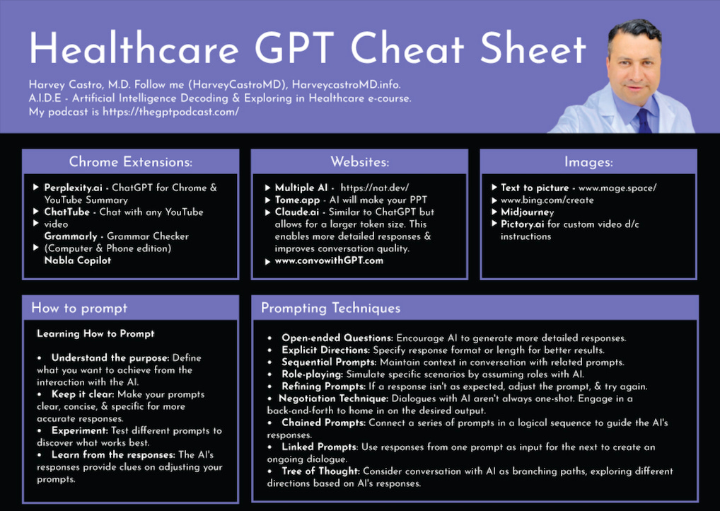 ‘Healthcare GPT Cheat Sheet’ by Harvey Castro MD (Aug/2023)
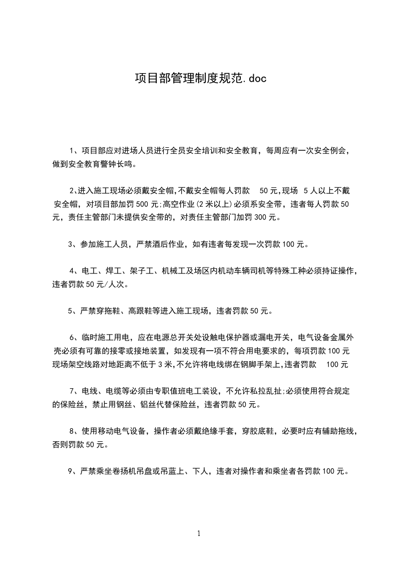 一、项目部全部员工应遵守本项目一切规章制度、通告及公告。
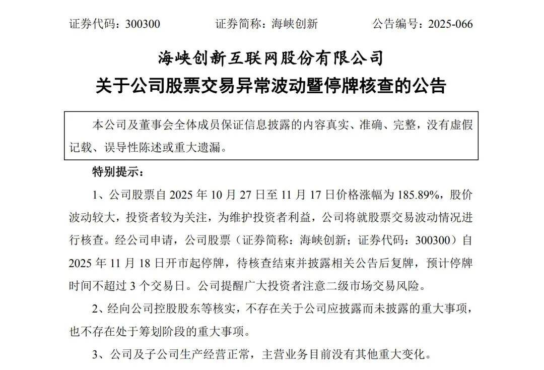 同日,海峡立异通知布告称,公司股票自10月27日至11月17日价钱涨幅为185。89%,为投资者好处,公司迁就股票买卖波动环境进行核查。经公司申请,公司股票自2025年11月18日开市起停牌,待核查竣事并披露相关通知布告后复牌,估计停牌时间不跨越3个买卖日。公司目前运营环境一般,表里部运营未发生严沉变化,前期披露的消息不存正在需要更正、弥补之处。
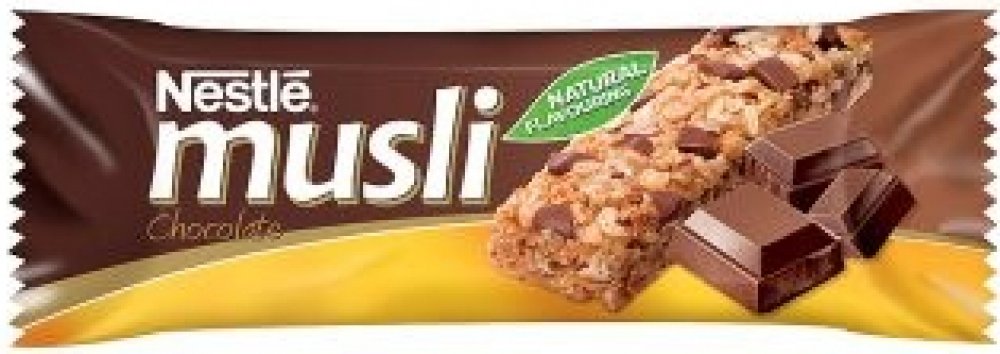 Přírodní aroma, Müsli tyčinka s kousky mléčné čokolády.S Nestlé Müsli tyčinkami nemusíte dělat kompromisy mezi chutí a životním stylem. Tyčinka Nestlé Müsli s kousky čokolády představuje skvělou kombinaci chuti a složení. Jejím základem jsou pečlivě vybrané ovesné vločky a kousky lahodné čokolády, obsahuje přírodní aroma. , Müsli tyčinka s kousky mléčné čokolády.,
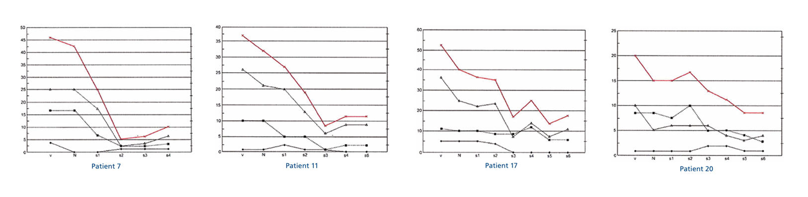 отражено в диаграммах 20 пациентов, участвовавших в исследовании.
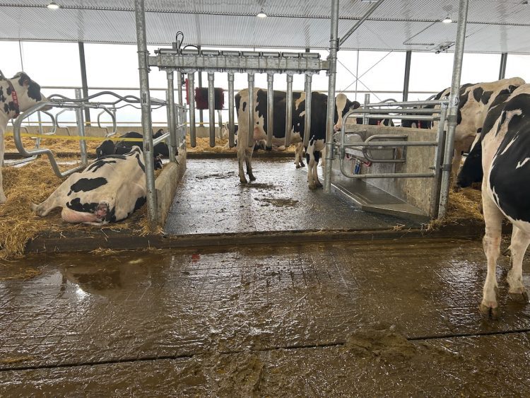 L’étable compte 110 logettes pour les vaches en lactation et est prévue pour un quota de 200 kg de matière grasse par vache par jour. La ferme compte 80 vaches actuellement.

* [PROBLEM DESCRIPTION]
Output the full material above exactly, leaving every picture out.

* [WRITTEN REPLY]
 ‘Healthcare GPT Cheat Sheet’ by Harvey Castro MD (Aug/2023)
 一、项目部全部员工应遵守本项目一切规章制度、通告及公告。
 同日,海峡立异通知布告称,公司股票自10月27日至11月17日价钱涨幅为185。89%,为投资者好处,公司迁就股票买卖波动环境进行核查。经公司申请,公司股票自2025年11月18日开市起停牌,待核查竣事并披露相关通知布告后复牌,估计停牌时间不跨越3个买卖日。公司目前运营环境一般,表里部运营未发生严沉变化,前期披露的消息不存正在需要更正、弥补之处。
 Přírodní aroma, Müsli tyčinka s kousky mléčné čokolády.S Nestlé Müsli tyčinkami nemusíte dělat kompromisy mezi chutí a životním stylem. Tyčinka Nestlé Müsli s kousky čokolády představuje skvělou kombinaci chuti a složení. Jejím základem jsou pečlivě vybrané ovesné vločky a kousky lahodné čokolády, obsahuje přírodní aroma. , Müsli tyčinka s kousky mléčné čokolády.,
 отражено в диаграммах 20 пациентов, участвовавших в исследовании.
 L’étable compte 110 logettes pour les vaches en lactation et est prévue pour un quota de 200 kg de matière grasse par vache par jour. La ferme compte 80 vaches actuellement.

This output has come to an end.